## What this task involves:
Each entry in the listing below should be restated word for word.

## Stored data:
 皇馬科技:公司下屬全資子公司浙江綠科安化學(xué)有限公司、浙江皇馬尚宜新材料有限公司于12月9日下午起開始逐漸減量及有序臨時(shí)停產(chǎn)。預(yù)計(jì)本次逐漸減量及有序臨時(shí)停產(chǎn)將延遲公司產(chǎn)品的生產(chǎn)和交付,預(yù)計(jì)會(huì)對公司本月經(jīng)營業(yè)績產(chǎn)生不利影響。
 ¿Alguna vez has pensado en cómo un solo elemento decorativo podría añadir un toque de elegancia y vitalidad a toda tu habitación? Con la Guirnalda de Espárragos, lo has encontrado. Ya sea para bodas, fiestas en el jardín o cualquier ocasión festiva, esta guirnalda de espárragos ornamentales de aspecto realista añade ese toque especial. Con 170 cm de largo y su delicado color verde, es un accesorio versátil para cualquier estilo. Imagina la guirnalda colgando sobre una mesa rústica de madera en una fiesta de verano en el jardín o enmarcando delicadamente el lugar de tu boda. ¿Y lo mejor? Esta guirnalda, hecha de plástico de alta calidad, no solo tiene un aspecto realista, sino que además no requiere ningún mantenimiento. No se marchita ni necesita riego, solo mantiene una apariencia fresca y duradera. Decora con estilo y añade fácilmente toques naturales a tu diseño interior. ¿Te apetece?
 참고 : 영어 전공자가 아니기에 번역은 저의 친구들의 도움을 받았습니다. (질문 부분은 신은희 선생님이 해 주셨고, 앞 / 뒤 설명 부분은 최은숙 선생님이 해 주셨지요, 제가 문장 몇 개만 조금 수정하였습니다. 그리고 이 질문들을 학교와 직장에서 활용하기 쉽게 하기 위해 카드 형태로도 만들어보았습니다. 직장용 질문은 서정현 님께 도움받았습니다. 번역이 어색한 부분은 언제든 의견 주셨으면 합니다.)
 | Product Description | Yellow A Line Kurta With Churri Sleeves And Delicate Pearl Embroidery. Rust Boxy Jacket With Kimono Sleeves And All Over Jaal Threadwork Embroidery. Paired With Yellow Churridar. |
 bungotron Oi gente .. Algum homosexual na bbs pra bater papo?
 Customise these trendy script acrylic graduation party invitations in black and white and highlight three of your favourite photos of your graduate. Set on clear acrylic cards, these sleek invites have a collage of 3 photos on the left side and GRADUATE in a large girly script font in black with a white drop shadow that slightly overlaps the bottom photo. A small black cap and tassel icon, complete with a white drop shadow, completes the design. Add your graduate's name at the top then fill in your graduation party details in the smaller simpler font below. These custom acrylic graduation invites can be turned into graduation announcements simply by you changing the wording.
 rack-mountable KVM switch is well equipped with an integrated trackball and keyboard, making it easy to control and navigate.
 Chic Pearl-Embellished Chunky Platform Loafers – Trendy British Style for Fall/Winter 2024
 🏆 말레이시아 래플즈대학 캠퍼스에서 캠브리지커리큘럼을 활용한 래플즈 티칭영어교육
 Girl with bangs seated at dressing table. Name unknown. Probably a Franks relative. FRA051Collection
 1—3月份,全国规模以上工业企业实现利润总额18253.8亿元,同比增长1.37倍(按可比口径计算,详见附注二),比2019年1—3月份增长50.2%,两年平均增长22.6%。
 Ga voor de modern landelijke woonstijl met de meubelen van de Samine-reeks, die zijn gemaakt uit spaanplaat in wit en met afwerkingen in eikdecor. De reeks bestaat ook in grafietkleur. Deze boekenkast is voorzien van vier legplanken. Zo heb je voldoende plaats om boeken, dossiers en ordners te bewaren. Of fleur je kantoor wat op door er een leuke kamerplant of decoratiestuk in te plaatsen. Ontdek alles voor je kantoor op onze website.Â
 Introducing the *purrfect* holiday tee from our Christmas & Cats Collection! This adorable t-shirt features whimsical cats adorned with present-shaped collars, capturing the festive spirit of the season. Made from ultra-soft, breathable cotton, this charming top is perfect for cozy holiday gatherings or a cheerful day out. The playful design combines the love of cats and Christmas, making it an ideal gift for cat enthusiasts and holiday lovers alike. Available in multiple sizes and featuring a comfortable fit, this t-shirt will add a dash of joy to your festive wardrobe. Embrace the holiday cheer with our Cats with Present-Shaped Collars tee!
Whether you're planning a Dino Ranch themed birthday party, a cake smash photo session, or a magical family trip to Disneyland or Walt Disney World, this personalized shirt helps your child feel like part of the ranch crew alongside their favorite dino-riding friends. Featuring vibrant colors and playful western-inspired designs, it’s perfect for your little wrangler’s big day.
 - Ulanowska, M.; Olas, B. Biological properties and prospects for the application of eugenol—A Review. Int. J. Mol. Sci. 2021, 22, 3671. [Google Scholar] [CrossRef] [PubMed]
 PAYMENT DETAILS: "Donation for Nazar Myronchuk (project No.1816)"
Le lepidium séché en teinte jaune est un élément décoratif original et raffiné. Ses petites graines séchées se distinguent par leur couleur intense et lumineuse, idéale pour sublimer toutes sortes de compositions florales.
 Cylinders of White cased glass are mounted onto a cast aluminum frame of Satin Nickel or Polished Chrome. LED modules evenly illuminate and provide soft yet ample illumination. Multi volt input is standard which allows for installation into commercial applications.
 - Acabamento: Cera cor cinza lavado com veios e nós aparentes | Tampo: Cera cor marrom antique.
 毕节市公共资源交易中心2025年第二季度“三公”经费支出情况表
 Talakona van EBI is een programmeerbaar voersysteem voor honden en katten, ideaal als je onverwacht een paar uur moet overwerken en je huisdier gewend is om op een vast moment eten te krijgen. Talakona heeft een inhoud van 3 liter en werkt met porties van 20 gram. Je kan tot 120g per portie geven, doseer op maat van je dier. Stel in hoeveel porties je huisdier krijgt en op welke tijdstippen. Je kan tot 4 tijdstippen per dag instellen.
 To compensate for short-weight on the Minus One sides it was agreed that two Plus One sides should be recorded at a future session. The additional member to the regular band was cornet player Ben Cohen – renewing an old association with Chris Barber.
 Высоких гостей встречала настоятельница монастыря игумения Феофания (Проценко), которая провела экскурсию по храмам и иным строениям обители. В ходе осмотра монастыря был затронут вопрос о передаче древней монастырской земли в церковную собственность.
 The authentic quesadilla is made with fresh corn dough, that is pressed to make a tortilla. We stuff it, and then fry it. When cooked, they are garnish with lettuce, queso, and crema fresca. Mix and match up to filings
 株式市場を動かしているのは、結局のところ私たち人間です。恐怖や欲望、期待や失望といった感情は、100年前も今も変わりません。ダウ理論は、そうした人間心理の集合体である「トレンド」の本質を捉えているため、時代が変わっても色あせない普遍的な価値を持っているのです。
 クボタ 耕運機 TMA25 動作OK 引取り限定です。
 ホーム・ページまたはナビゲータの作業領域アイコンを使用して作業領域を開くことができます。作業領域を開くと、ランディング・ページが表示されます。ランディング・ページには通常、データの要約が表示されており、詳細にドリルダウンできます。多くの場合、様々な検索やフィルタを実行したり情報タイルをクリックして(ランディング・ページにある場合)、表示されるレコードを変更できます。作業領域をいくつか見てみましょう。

## Exercise output:
 皇馬科技:公司下屬全資子公司浙江綠科安化學(xué)有限公司、浙江皇馬尚宜新材料有限公司于12月9日下午起開始逐漸減量及有序臨時(shí)停產(chǎn)。預(yù)計(jì)本次逐漸減量及有序臨時(shí)停產(chǎn)將延遲公司產(chǎn)品的生產(chǎn)和交付,預(yù)計(jì)會(huì)對公司本月經(jīng)營業(yè)績產(chǎn)生不利影響。
 ¿Alguna vez has pensado en cómo un solo elemento decorativo podría añadir un toque de elegancia y vitalidad a toda tu habitación? Con la Guirnalda de Espárragos, lo has encontrado. Ya sea para bodas, fiestas en el jardín o cualquier ocasión festiva, esta guirnalda de espárragos ornamentales de aspecto realista añade ese toque especial. Con 170 cm de largo y su delicado color verde, es un accesorio versátil para cualquier estilo. Imagina la guirnalda colgando sobre una mesa rústica de madera en una fiesta de verano en el jardín o enmarcando delicadamente el lugar de tu boda. ¿Y lo mejor? Esta guirnalda, hecha de plástico de alta calidad, no solo tiene un aspecto realista, sino que además no requiere ningún mantenimiento. No se marchita ni necesita riego, solo mantiene una apariencia fresca y duradera. Decora con estilo y añade fácilmente toques naturales a tu diseño interior. ¿Te apetece?
 참고 : 영어 전공자가 아니기에 번역은 저의 친구들의 도움을 받았습니다. (질문 부분은 신은희 선생님이 해 주셨고, 앞 / 뒤 설명 부분은 최은숙 선생님이 해 주셨지요, 제가 문장 몇 개만 조금 수정하였습니다. 그리고 이 질문들을 학교와 직장에서 활용하기 쉽게 하기 위해 카드 형태로도 만들어보았습니다. 직장용 질문은 서정현 님께 도움받았습니다. 번역이 어색한 부분은 언제든 의견 주셨으면 합니다.)
 | Product Description | Yellow A Line Kurta With Churri Sleeves And Delicate Pearl Embroidery. Rust Boxy Jacket With Kimono Sleeves And All Over Jaal Threadwork Embroidery. Paired With Yellow Churridar. |
 bungotron Oi gente .. Algum homosexual na bbs pra bater papo?
 Customise these trendy script acrylic graduation party invitations in black and white and highlight three of your favourite photos of your graduate. Set on clear acrylic cards, these sleek invites have a collage of 3 photos on the left side and GRADUATE in a large girly script font in black with a white drop shadow that slightly overlaps the bottom photo. A small black cap and tassel icon, complete with a white drop shadow, completes the design. Add your graduate's name at the top then fill in your graduation party details in the smaller simpler font below. These custom acrylic graduation invites can be turned into graduation announcements simply by you changing the wording.
 rack-mountable KVM switch is well equipped with an integrated trackball and keyboard, making it easy to control and navigate.
 Chic Pearl-Embellished Chunky Platform Loafers – Trendy British Style for Fall/Winter 2024
 🏆 말레이시아 래플즈대학 캠퍼스에서 캠브리지커리큘럼을 활용한 래플즈 티칭영어교육
 Girl with bangs seated at dressing table. Name unknown. Probably a Franks relative. FRA051Collection
 1—3月份,全国规模以上工业企业实现利润总额18253.8亿元,同比增长1.37倍(按可比口径计算,详见附注二),比2019年1—3月份增长50.2%,两年平均增长22.6%。
 Ga voor de modern landelijke woonstijl met de meubelen van de Samine-reeks, die zijn gemaakt uit spaanplaat in wit en met afwerkingen in eikdecor. De reeks bestaat ook in grafietkleur. Deze boekenkast is voorzien van vier legplanken. Zo heb je voldoende plaats om boeken, dossiers en ordners te bewaren. Of fleur je kantoor wat op door er een leuke kamerplant of decoratiestuk in te plaatsen. Ontdek alles voor je kantoor op onze website.Â
 Introducing the *purrfect* holiday tee from our Christmas & Cats Collection! This adorable t-shirt features whimsical cats adorned with present-shaped collars, capturing the festive spirit of the season. Made from ultra-soft, breathable cotton, this charming top is perfect for cozy holiday gatherings or a cheerful day out. The playful design combines the love of cats and Christmas, making it an ideal gift for cat enthusiasts and holiday lovers alike. Available in multiple sizes and featuring a comfortable fit, this t-shirt will add a dash of joy to your festive wardrobe. Embrace the holiday cheer with our Cats with Present-Shaped Collars tee!
Whether you're planning a Dino Ranch themed birthday party, a cake smash photo session, or a magical family trip to Disneyland or Walt Disney World, this personalized shirt helps your child feel like part of the ranch crew alongside their favorite dino-riding friends. Featuring vibrant colors and playful western-inspired designs, it’s perfect for your little wrangler’s big day.
 - Ulanowska, M.; Olas, B. Biological properties and prospects for the application of eugenol—A Review. Int. J. Mol. Sci. 2021, 22, 3671. [Google Scholar] [CrossRef] [PubMed]
 PAYMENT DETAILS: "Donation for Nazar Myronchuk (project No.1816)"
Le lepidium séché en teinte jaune est un élément décoratif original et raffiné. Ses petites graines séchées se distinguent par leur couleur intense et lumineuse, idéale pour sublimer toutes sortes de compositions florales.
 Cylinders of White cased glass are mounted onto a cast aluminum frame of Satin Nickel or Polished Chrome. LED modules evenly illuminate and provide soft yet ample illumination. Multi volt input is standard which allows for installation into commercial applications.
 - Acabamento: Cera cor cinza lavado com veios e nós aparentes | Tampo: Cera cor marrom antique.
 毕节市公共资源交易中心2025年第二季度“三公”经费支出情况表
 Talakona van EBI is een programmeerbaar voersysteem voor honden en katten, ideaal als je onverwacht een paar uur moet overwerken en je huisdier gewend is om op een vast moment eten te krijgen. Talakona heeft een inhoud van 3 liter en werkt met porties van 20 gram. Je kan tot 120g per portie geven, doseer op maat van je dier. Stel in hoeveel porties je huisdier krijgt en op welke tijdstippen. Je kan tot 4 tijdstippen per dag instellen.
 To compensate for short-weight on the Minus One sides it was agreed that two Plus One sides should be recorded at a future session. The additional member to the regular band was cornet player Ben Cohen – renewing an old association with Chris Barber.
 Высоких гостей встречала настоятельница монастыря игумения Феофания (Проценко), которая провела экскурсию по храмам и иным строениям обители. В ходе осмотра монастыря был затронут вопрос о передаче древней монастырской земли в церковную собственность.
 The authentic quesadilla is made with fresh corn dough, that is pressed to make a tortilla. We stuff it, and then fry it. When cooked, they are garnish with lettuce, queso, and crema fresca. Mix and match up to filings
 株式市場を動かしているのは、結局のところ私たち人間です。恐怖や欲望、期待や失望といった感情は、100年前も今も変わりません。ダウ理論は、そうした人間心理の集合体である「トレンド」の本質を捉えているため、時代が変わっても色あせない普遍的な価値を持っているのです。
 クボタ 耕運機 TMA25 動作OK 引取り限定です。
 ホーム・ページまたはナビゲータの作業領域アイコンを使用して作業領域を開くことができます。作業領域を開くと、ランディング・ページが表示されます。ランディング・ページには通常、データの要約が表示されており、詳細にドリルダウンできます。多くの場合、様々な検索やフィルタを実行したり情報タイルをクリックして(ランディング・ページにある場合)、表示されるレコードを変更できます。作業領域をいくつか見てみましょう。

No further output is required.